German Longsword in Hudson Valley, NY
I just wanted to take this opportunity to inform the HEMA community that NYHFA's branch in Poughkeepsie, NY, is officially up and running! Interested parties can PM me here, or email me at nyhfa.psg [AT] gmail [DOT] com.
I just wanted to say how happy and proud I am that NYHFA Poughkeepsie has taken off. This is our first official spin-off and it's been a long time in the making.

It's not easy for a student to reach the required level to teach NYHFA's curriculum. Such a student has to have a deep knowledge and understanding of not only the techniques themselves but the principles and body mechanics that go behind each one and make the difference between simply going through the motions and being able to perform a technique under the stress of a life or death struggle at full intensity. He or she has to be a very competent free fencer, someone who can challenge the best the community has to offer and must to be able to cut (tatami) to very high standards of consistency, accuracy, power and control.

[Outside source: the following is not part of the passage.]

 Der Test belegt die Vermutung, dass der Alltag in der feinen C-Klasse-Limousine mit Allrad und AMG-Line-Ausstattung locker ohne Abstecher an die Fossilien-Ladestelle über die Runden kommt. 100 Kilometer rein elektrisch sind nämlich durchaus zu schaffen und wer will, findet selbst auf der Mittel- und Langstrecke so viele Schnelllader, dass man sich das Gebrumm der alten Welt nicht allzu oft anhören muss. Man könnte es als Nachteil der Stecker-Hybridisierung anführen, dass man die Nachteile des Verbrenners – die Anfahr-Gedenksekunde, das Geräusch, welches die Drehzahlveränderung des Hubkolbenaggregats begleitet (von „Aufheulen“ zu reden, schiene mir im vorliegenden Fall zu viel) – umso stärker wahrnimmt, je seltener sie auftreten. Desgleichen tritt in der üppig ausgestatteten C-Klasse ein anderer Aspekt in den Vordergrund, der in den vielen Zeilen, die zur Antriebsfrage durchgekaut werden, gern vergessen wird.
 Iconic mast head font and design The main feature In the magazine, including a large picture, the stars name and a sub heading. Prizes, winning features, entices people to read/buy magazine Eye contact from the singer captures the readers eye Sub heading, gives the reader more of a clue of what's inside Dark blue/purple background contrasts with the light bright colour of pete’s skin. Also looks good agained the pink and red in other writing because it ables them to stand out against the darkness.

For the last few years Tristan has travelled 3 hours each way from Poughkeepsie to Brooklyn to train here in the main branch and almost never missed a class. He exemplifies the qualities of a great student and instructor: humility, integrity, dedication and perseverance. What you will learn in NYHFA Poughkeepsie fully meets NYHFA standards, but it is not just a rehash of what I teach. Tristan does what any good martial artist does, he learns the material and then makes it his own. That’s probably the most important quality in any instructor.
Congrats to you both! Is there a website up for the Poughkeepsie branch?
Tim Hall wrote:
Congrats to you both! Is there a website up for the Poughkeepsie branch?


Thanks!

No separate site. Our website covers both locations.
Also congratulations on the new branch. :) :cool:

Reading a bit on your site's Blog I sort of agree about the general idea that techniques in themselves are not the art but become useful to those who already know how to fight. ( Well, at least in period, many things that seem hard to pin down where obvious to people experienced with real fighting physically and in mindset ).

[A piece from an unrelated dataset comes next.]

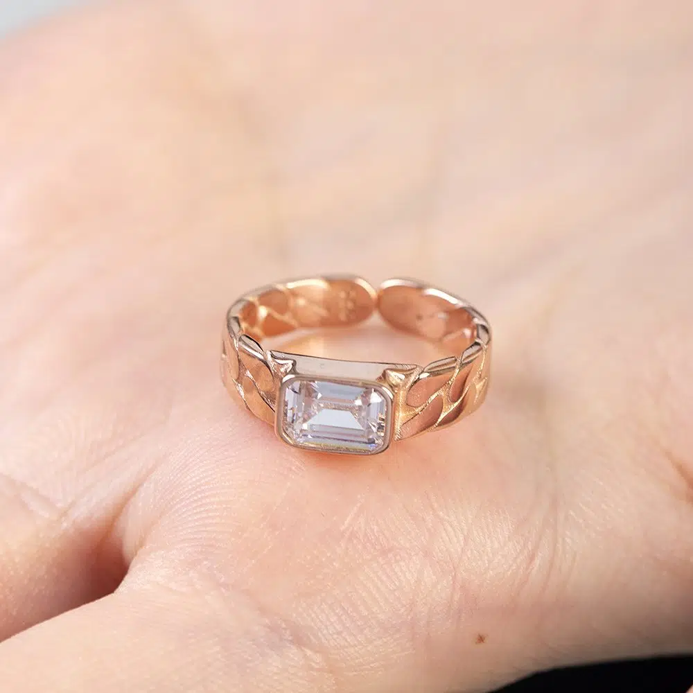 | Etiketler | Beyaz Zirkon Taşlı Zincir Tasarım Rose Renk Ayarlanabilir Ölçü 925 Ayar Gümüş Kadın Tektaş Yüzük |
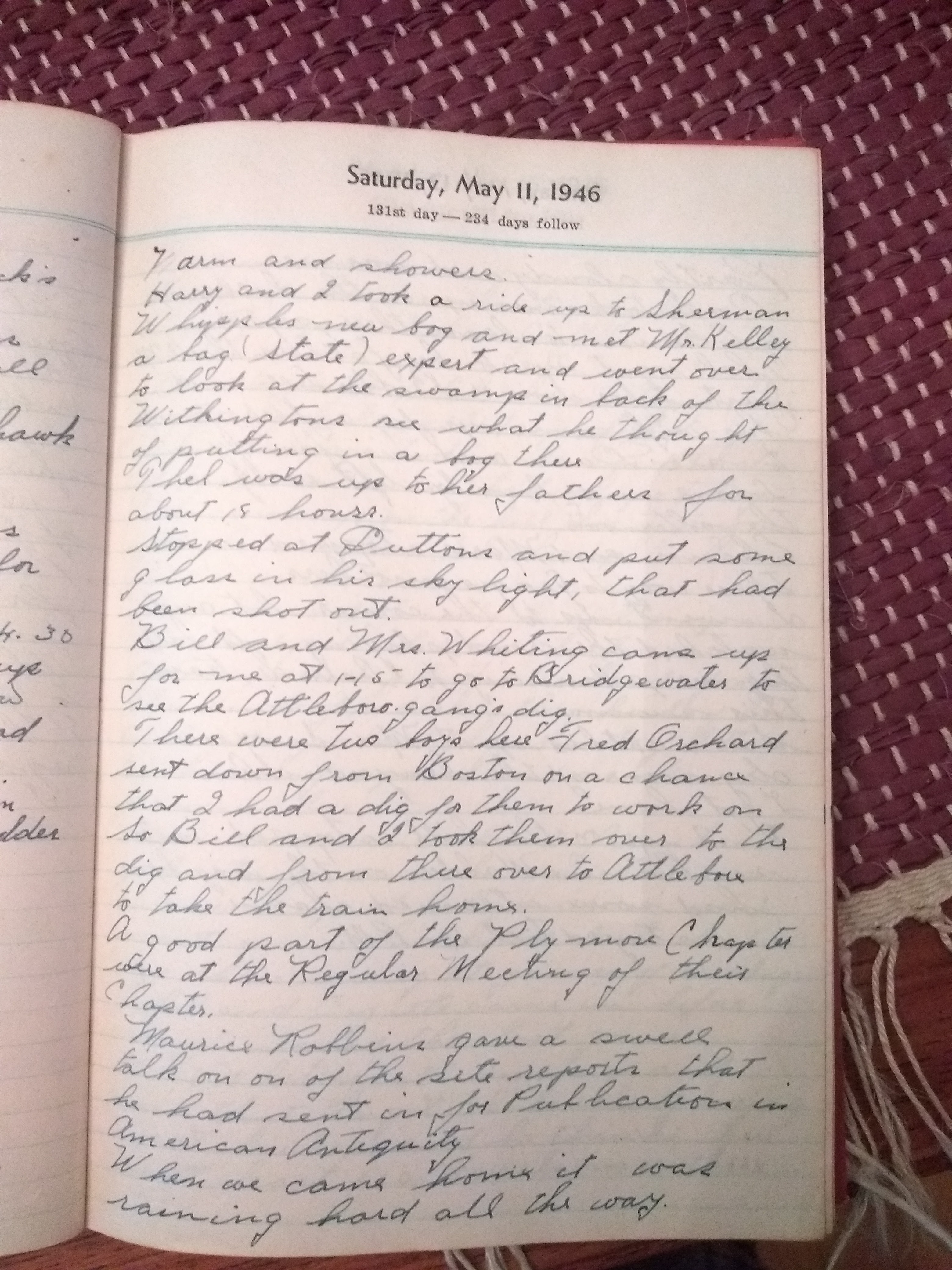 There were two boys her Fred Orchard sent down from Boston on a chance that I had a dig for them to work on. So Bill and I took them over to the dig and from there over to Attleboro to take the train home.

Techniques are like knowing the alphabet: You can't write without knowing your letters but you are only really writing when you can use them to make words, write sentences and paragraph and actually have something to say.

So as important as it is to learn your alphabet ( sword techniques ) actual fighting is all in the intent ( kill & not be killed ) and situational awareness and the techniques are your work tools and not the skill and artistry in using the tools.

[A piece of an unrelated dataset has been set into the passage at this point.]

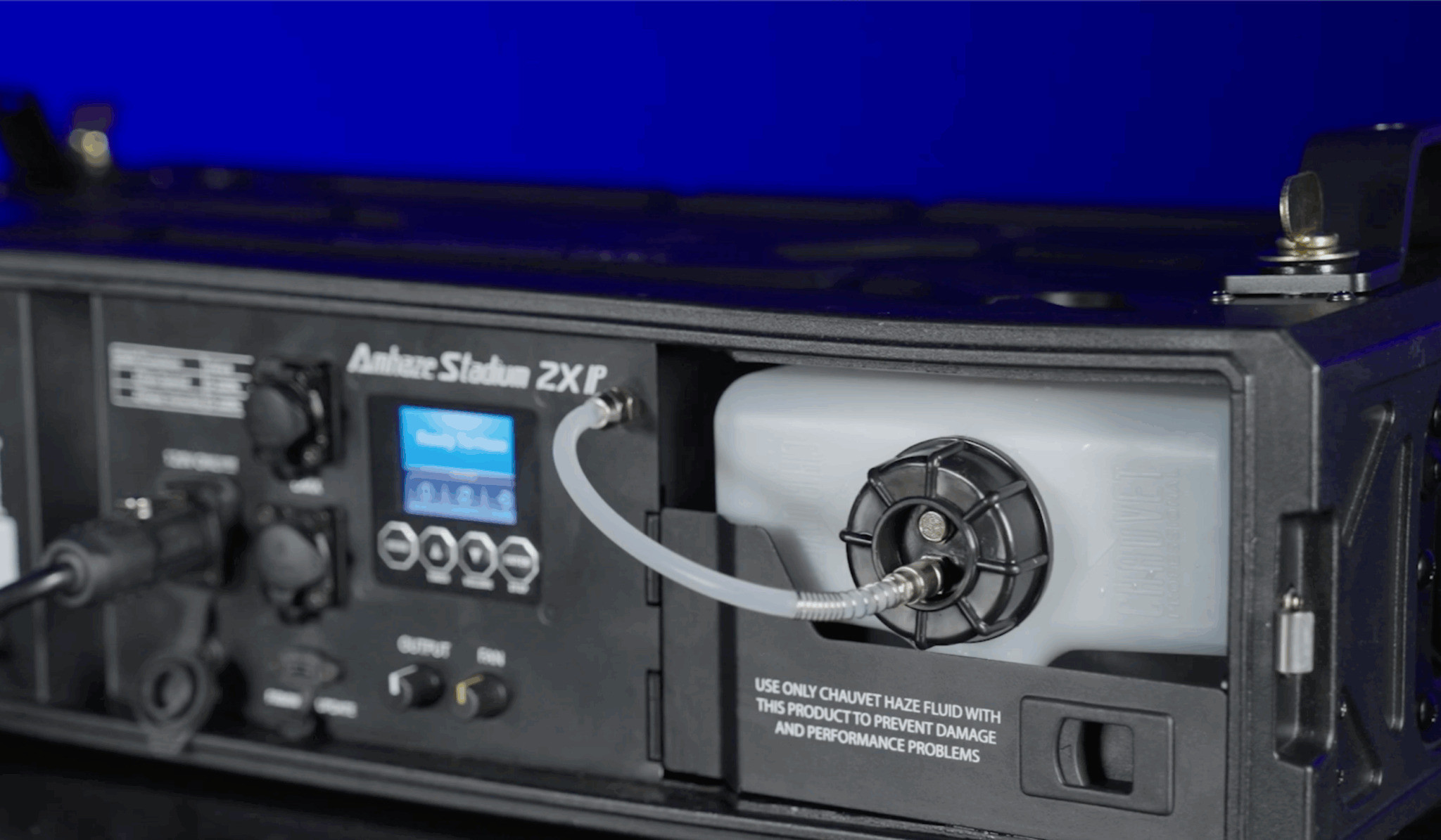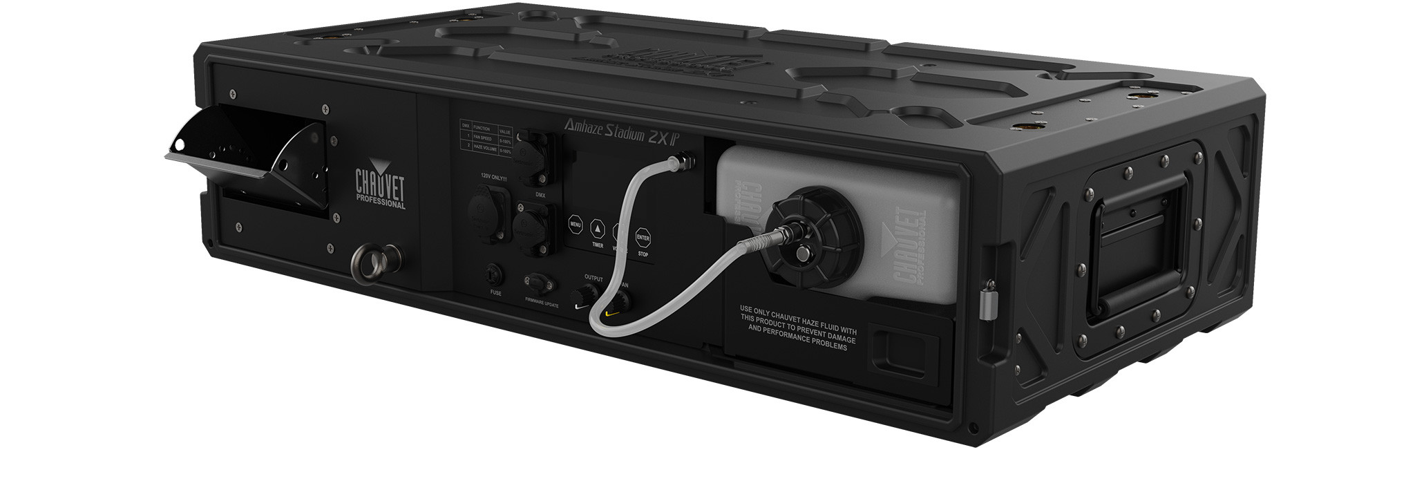 Amhaze Stadium 2X IP is built for the rigors of touring with a design that delivers reliability, longevity and easy serviceability. An innovative heater system produces continuous output and minimizes maintenance, while a peristaltic pump eliminates contact with fluid, removing its risk of corrosion. A USB-C port for easy software upgrades in the field completes this fully featured professional unit.

( Hope this doesn't sound too abstract or pretentious or that I'm any good at it, but I have been sort of thinking about this for a while that one starts naively spontaneous when one starts learning, then one gets really stiff learning " parroting " techniques and one eventually stop thinking about techniques during the fight but now one is using an " educated " spontaneity.

As " Yoda " might say " Do not try, DO ".
Hi Jean,

The way I see it, the techniques in the manuals are like complicated words...heterogeneous, accretion, truncation, concatenation, etc. These words are meant for people who already know how to speak English quite well.

Someone who takes the manuals and starts parotting the techniques is saying these words, and eventually learning what they mean, but without speaking the rest of the language. So if I show this person a mixture of different kinds of substances, they will smile and say "heterogeneous!" But if I say, "So hey bud, how ya doin'?" they will stare at me blankly, not understanding.

You can imagine how such a person would talk. I believe this is why some of the free fencing we see is so detached from reality, such as people walking into a bind because they don't know how to fight outside of one, etc.